Prologue
A quiet murmur weaving between the flickering candles. Weathered hands folded, head tilted, brows furrowed. Heavy incense smolders in the air.
"Umm... Jashin-sama, please grant the world eternal pain and suffering, plagues and... uh.. fire. Please, devour the souls of... humanity... and subject us to timeless torture and horror... grant us these things, O Great Lord. Thanks."
"Umm... is that good?"
Hidan bares his teeth, "No."
"Aw hell! What did I do wrong this time?"
"You forgot the fucking amen!" Hidan smashes his fists on the table, breaking his plate and knocking his chopsticks to the ground with a clatter.
- - - -
"Oh come on Hidan-san! I swear I can do it right!"
The trees, stretching for miles, should muffle his voice, but instead it echoes far, noise so loud it scatters birds from their nests.
Hidan's ears ring. He closes his eyes and takes in a deep breath.
"The fuck you can," Hidan swings the blunt side of his scythe, smacking his apprentice in the head, "You completely messed up the last ritual. Not only that, but you've just been a klutz this whole week... spilling the sacred blood, eating my blessed waffles, giving that money to the decrepit man, who may I remind you was a kumo-nin trying to assassinate me? I'm sure I've forgotten some things... I'm just surprised Jashin-sama has not smited us in our sleep."
"...Maybe he doesn't mind?"
Hidan shakes his head, "Jashin-sama... never forgets, never forgives... 's had more than nine thousand servants for a reason, Naruto-kun."
After this, Hidan grows quiet.
They tread lightly on the thick forest bed, hopping over fallen trees and logs, Hidan's careful eye lazily checking for traps and suspicious movement.
Their pace is painfully slow, Naruto's young mind unable to deal with the sea of green and mist... his mind errs, wondering how he can convince Hidan to teach him how to be a better "disciple".
But Hidan doesn't trust him. Why should he? Naruto knows he's screwed up a lot. If it wasn't for what Jashin-sama said... Hidan would have killed him a long time ago.
But how can he learn to be better if Hidan never gives him the chance? He has to convince Hidan somehow... somehow, that he's ready. But with what? How?
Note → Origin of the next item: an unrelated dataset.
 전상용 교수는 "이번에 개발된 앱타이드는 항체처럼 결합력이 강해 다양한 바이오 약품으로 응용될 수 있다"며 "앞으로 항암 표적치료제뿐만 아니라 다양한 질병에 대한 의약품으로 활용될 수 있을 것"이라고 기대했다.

"Where are we headed?" Naruto asks suddenly, glancing up at Hidan, trying to find the man's golden eyes in the darkness provided by the hood of his brown and bloodied robe.
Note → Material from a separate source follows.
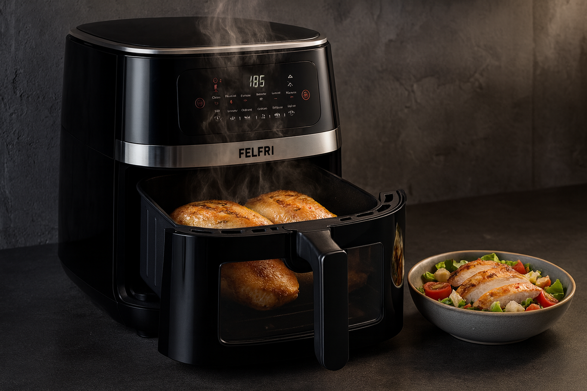 Аэрогриль FELFRI с мощностью 2200 Вт окажется идеальным помощником в приготовлении Цезаря, гарантируя хрустящие крутоны и сочное мясо без лишних хлопот.

"Konoha. The place of your birth."
"Eh? I was born in Konoha?"
Hidan chuckles, "So it was told to me. Who knows?
"Someone there would know–"
"That's not why we're going there, though," he snorts, "No, there's a reason far more important for going to Konoha, the strongest of the nations."
"What's that?" Naruto ducks under a branch, swatting away a brush as he follows Hidan under two fallen trees.
"To give homage to Jashin-sama of course," Hidan chuckles, watching as Naruto struggles to climb up a steep and crumbling slope, "To finally bring about his resurrection."
The leaves are falling from the trees. It's autumn, and Uzumaki Naruto is about to return home.